En las fotos pude ver que los espacios resultaban grandes, de hecho la sala de los apartamentos eran casi tan grandes cono los de una casa pequeña. Pude ver también que los sanitarios presentaban mayólicas de diseño antiguo pero en perfecto estado de conservación. La cocina estaba igualmente decorada a la vieja usanza, con la chimenea plateada muy cerca de la altura de la cabeza de un hipotético cocinero. La cocina propiamente dicha estaba bajo ella y al medio el horno se encontraba empotrado en la pared, se veía hermoso.

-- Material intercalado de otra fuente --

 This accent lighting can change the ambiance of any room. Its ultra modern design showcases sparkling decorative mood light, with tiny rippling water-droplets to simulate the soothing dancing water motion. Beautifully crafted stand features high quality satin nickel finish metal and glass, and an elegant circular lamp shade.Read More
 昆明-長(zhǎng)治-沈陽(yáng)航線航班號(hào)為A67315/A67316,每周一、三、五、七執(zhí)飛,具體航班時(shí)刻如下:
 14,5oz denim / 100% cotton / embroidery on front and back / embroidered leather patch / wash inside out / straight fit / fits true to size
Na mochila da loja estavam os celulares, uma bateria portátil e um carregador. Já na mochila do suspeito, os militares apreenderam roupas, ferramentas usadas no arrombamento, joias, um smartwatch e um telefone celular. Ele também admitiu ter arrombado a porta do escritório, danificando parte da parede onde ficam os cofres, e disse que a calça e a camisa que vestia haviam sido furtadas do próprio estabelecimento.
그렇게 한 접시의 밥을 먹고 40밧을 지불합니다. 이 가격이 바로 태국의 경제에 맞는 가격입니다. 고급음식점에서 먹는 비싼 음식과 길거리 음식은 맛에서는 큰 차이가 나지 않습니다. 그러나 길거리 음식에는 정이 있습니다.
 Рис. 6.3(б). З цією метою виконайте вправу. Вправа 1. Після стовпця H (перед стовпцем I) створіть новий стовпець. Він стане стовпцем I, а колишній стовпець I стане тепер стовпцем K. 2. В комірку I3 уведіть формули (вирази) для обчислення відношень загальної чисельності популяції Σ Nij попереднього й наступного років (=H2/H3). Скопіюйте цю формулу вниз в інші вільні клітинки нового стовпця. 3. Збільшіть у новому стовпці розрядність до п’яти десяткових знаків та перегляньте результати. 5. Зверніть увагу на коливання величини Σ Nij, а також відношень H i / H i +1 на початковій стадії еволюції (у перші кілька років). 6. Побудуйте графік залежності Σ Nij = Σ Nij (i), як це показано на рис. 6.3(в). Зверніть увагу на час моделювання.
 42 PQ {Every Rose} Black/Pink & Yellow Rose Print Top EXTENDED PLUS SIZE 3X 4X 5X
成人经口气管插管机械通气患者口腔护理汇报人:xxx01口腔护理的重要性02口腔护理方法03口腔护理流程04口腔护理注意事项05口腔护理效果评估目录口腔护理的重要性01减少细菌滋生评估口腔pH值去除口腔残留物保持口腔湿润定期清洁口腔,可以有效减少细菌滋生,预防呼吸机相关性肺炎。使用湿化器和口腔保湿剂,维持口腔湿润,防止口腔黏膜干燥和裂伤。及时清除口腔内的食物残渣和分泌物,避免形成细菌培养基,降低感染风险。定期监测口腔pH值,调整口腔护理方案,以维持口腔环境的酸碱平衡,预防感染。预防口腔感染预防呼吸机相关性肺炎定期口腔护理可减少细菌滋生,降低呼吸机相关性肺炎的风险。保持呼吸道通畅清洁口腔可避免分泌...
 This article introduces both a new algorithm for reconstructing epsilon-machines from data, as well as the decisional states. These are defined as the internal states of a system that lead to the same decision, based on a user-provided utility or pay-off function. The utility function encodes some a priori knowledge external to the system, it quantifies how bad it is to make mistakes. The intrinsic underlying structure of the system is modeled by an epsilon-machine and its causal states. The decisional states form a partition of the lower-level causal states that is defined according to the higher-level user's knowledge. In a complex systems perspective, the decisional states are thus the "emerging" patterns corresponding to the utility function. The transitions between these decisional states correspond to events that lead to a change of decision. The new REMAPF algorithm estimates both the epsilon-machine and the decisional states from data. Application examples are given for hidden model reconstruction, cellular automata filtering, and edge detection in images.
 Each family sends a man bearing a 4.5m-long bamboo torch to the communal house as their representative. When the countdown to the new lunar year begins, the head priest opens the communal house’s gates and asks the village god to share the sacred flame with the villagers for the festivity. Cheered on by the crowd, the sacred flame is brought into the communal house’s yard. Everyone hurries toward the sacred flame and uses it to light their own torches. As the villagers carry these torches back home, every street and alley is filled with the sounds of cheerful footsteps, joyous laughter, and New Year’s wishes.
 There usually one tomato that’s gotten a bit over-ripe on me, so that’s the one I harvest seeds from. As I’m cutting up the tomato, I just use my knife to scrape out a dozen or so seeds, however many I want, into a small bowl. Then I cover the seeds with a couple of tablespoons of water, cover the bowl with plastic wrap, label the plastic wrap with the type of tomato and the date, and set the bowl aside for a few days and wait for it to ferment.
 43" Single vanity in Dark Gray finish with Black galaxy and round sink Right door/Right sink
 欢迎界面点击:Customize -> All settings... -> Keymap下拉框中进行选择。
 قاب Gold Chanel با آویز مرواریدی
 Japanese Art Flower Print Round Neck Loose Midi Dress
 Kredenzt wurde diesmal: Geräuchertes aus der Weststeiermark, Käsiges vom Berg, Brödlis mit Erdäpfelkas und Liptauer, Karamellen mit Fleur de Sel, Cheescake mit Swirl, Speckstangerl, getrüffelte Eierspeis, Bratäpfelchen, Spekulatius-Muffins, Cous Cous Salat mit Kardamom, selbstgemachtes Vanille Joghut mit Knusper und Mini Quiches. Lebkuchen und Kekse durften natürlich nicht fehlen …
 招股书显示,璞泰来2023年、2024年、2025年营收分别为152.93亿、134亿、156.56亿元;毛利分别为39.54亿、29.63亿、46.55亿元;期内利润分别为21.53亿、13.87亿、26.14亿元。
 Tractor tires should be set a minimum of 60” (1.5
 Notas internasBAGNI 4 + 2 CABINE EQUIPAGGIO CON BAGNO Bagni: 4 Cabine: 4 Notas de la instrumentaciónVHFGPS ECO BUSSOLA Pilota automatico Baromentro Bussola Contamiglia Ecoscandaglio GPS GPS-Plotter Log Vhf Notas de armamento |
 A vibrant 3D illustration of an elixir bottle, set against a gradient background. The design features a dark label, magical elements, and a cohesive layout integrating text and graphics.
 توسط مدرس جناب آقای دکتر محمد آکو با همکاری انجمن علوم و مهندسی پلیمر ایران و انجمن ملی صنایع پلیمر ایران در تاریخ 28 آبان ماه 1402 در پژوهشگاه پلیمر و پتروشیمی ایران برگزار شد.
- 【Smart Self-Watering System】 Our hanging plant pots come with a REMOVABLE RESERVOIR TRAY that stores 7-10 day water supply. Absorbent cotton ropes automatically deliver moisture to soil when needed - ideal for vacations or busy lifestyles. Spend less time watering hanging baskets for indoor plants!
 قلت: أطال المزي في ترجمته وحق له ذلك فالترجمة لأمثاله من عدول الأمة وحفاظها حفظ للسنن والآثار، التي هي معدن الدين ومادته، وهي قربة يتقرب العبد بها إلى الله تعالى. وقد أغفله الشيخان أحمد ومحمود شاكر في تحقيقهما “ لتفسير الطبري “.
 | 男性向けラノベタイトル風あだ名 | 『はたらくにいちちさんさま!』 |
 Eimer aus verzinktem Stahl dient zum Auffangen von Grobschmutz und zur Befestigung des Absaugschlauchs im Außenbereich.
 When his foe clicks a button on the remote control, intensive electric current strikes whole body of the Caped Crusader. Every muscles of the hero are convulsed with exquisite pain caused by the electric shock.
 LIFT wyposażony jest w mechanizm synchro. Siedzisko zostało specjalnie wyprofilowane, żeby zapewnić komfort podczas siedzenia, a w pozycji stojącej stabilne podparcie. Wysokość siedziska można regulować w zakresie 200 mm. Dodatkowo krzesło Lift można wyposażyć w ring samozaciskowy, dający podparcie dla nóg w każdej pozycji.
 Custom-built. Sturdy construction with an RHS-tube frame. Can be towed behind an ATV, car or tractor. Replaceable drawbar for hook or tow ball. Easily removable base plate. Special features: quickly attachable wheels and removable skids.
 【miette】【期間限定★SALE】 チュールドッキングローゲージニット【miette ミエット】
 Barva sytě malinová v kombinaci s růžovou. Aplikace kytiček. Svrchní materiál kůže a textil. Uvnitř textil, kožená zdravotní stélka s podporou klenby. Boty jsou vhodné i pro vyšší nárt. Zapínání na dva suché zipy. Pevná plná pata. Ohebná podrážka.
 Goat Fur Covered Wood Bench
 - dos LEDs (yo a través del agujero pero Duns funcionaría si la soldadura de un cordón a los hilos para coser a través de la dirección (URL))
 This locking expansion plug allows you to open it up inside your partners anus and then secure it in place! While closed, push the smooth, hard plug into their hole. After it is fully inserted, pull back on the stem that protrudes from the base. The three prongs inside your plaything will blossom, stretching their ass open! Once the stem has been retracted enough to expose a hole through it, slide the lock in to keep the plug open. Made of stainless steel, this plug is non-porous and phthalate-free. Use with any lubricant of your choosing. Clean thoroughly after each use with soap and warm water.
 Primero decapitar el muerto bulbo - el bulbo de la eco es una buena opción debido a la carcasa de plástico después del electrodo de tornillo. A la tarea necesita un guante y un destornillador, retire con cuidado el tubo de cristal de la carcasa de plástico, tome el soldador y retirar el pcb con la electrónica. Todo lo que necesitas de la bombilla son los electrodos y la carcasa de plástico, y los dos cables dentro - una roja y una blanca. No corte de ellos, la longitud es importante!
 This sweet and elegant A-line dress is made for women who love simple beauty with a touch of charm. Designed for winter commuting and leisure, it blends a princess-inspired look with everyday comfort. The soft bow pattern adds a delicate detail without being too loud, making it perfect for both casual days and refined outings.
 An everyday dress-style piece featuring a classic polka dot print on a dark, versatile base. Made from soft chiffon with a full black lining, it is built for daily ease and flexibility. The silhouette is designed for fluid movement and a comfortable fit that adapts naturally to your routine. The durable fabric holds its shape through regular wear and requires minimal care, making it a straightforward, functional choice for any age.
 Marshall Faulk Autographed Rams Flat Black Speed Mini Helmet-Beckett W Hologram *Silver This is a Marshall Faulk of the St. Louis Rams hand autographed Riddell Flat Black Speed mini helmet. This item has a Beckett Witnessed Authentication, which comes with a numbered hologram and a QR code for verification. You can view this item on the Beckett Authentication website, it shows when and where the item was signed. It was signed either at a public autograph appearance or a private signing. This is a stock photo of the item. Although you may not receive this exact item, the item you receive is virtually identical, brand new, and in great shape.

Esta área se veía flanqueada casi en su totalidad por un repostero de múltiples gavetas tanto por encima de la cabeza como por debajo de la cintura, siempre de un hipotético cocinero. La figura se coronaba con el papel tapiz que estaba en toda la pared de dicha estancia. Las habitaciones también me atrajeron, eran del tamaño exacto, no tan pequeñas para causar incomodidad ni tan grandes como para enfriar el ambiente. El piso estaba tapizado con una alfombra azul, mi color favorito. Los cuartos tenían ventanas a la calle con persianas y los closets no eran típicos sino que se accedía por intermedio de una puerta. No había que buscar más. Ese era el apartamento que buscaba. Sólo faltaba ver si aceptaban mascotas, pero eso tendría que averiguarlo personalmente.